Look below for the line with "The new Kubota"; begin the copy there and stop after the line with "조선일보, [박성덕의 부부마음길]", keeping the text exact and the pictures out.

☆ ☆ ☆

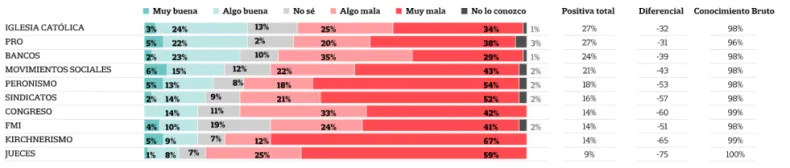 En tanto, los escaños más bajos de la tabla los ocupan el Fondo Monetario Internacional (FMI), el kirchnerismo y los jueces, cuyo concepto es muy bueno para el 4%, 5% y 0% de los entrevistados y muy malo para el 41%, 67% y 59%.
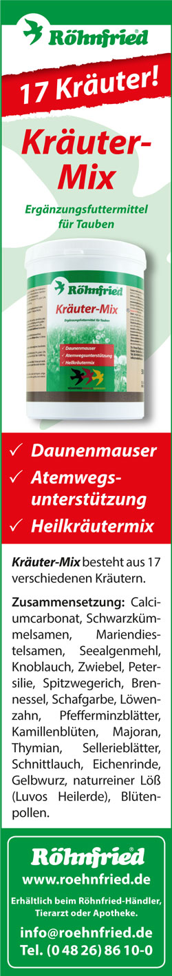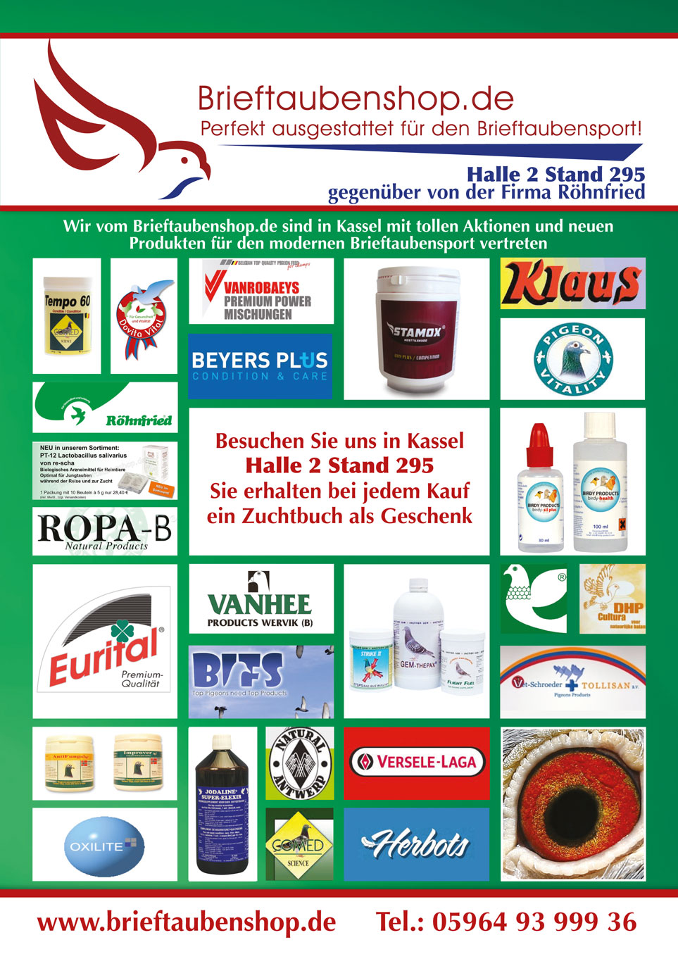 Und dass die Teilnahme am Int. TaubenMarkt Kassel sich für beide Seiten lohnt, gilt selbstverständlich nicht nur für die Tribünenflugveranstalter. Sie gilt schlichtweg für alle Aussteller und Besucher und sicherlich auch für den Verband Deutscher Brieftaubenzüchter. Der Verband wurde von Geschäftsführer Oliver Kreutzfeldt und mir eingeladen und wir hätten uns – auch zum Wohle unserer Besucher, die oft danach fragen – schon gefreut, wenn man teilgenommen hätte.
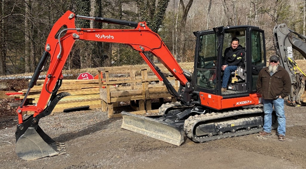 The new Kubota excavator, even though it is smaller than the old Volvo, is more powerful and maneuverable. It operates in narrow spaces like we have in Montreat and rotates 360 degrees for more efficient operations.
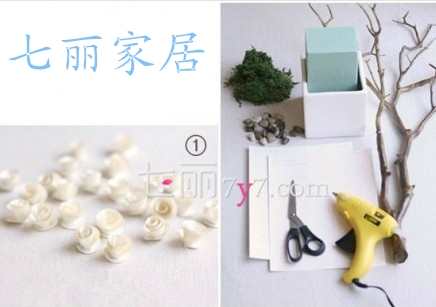 准备材料:纸玫瑰、方形陶瓷容器、树枝、青苔、石头、电胶笔、海绵
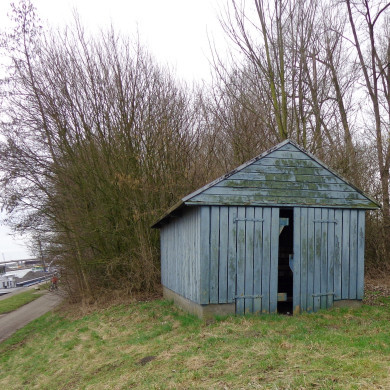Het betreft hier een onderdeel uit het interbellum, namelijk een houten berging uit omstreeks 1935
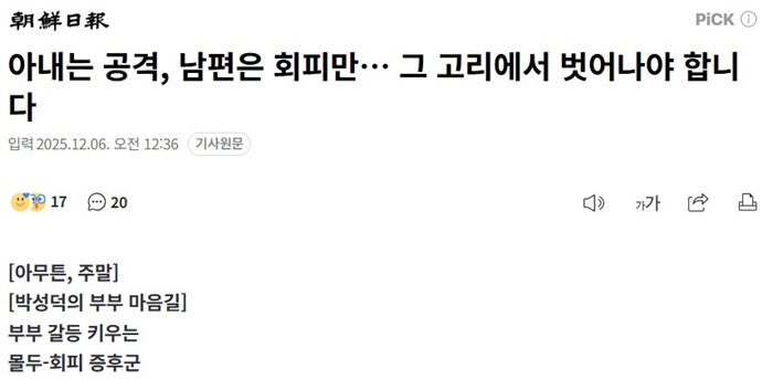 조선일보, [박성덕의 부부마음길] 아내는 공격 남편은 회피만... 그 고리에서 벗어나야 합니다. | ![]() |
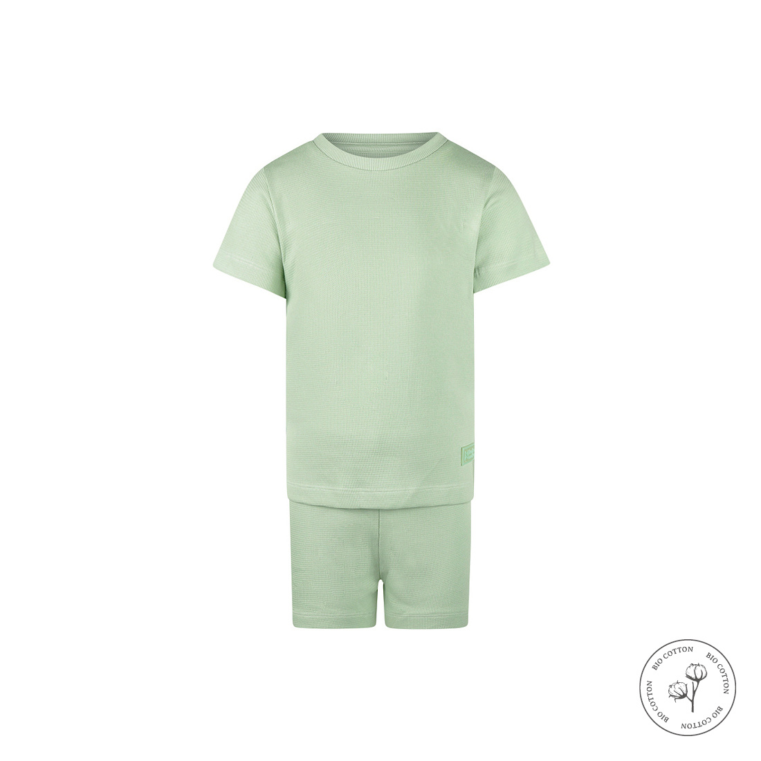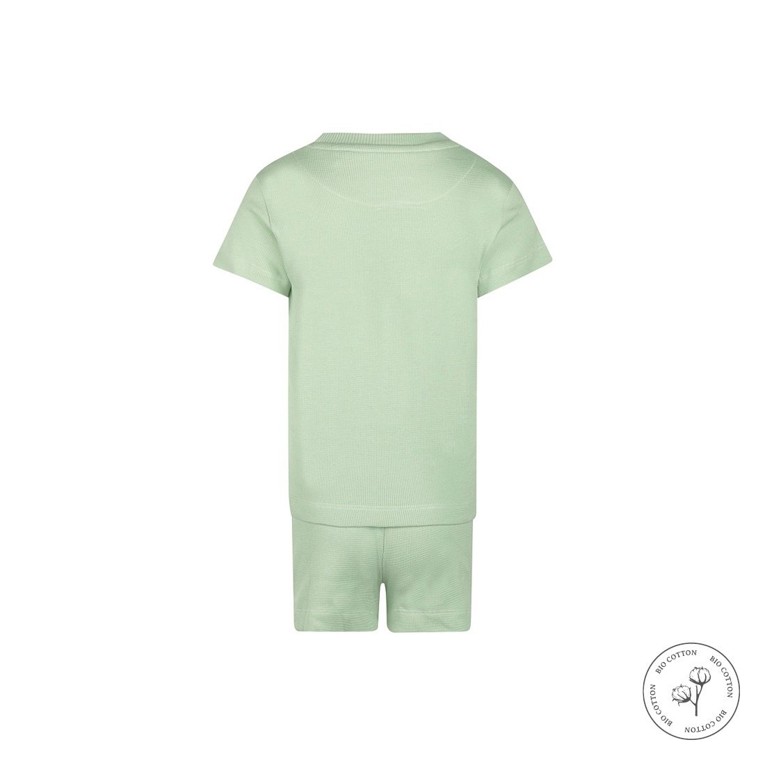 Koko Noko unisex shortama zachtgroen met luchtige wafel katoen. 100% biologisch katoen voelt zacht en soepel aan en slaapt heerlijk. Een fijne keuze voor elke nacht.
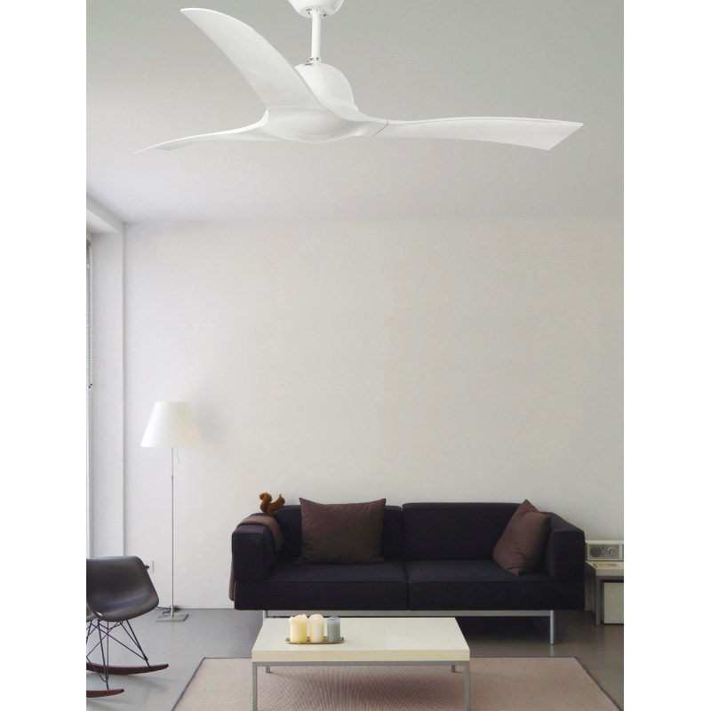 Lubų ventiliatorius, Be šviestuvo, Plieninis variklis su plastiko geležtėmis, Baltos spalvos, 132 cm skersmens, 3 ašmenys, 3 greičio lygių, Galia 18/32/50 W, Nuotolinis valdymas, Žiemos/vasaros funkcija
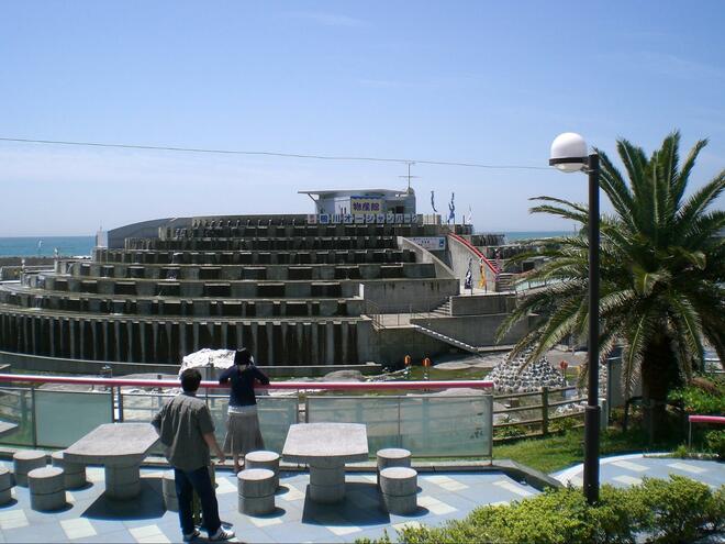 本館のそばにある海を望む公園「漁民公園」には無料で利用できる足湯コーナーがある。施設は小さめだが、湯は里山の川岸より自然湧出し、ほのかに硫黄が香る「鴨川温泉 なぎさの湯」の温泉を使用。レジャーや散策で疲れた足を気軽に癒すことができるスポットだ。

☆ ☆ ☆

### Result below
 The new Kubota excavator, even though it is smaller than the old Volvo, is more powerful and maneuverable. It operates in narrow spaces like we have in Montreat and rotates 360 degrees for more efficient operations.
 准备材料:纸玫瑰、方形陶瓷容器、树枝、青苔、石头、电胶笔、海绵
Het betreft hier een onderdeel uit het interbellum, namelijk een houten berging uit omstreeks 1935
 조선일보, [박성덕의 부부마음길] 아내는 공격 남편은 회피만... 그 고리에서 벗어나야 합니다. | ![]() |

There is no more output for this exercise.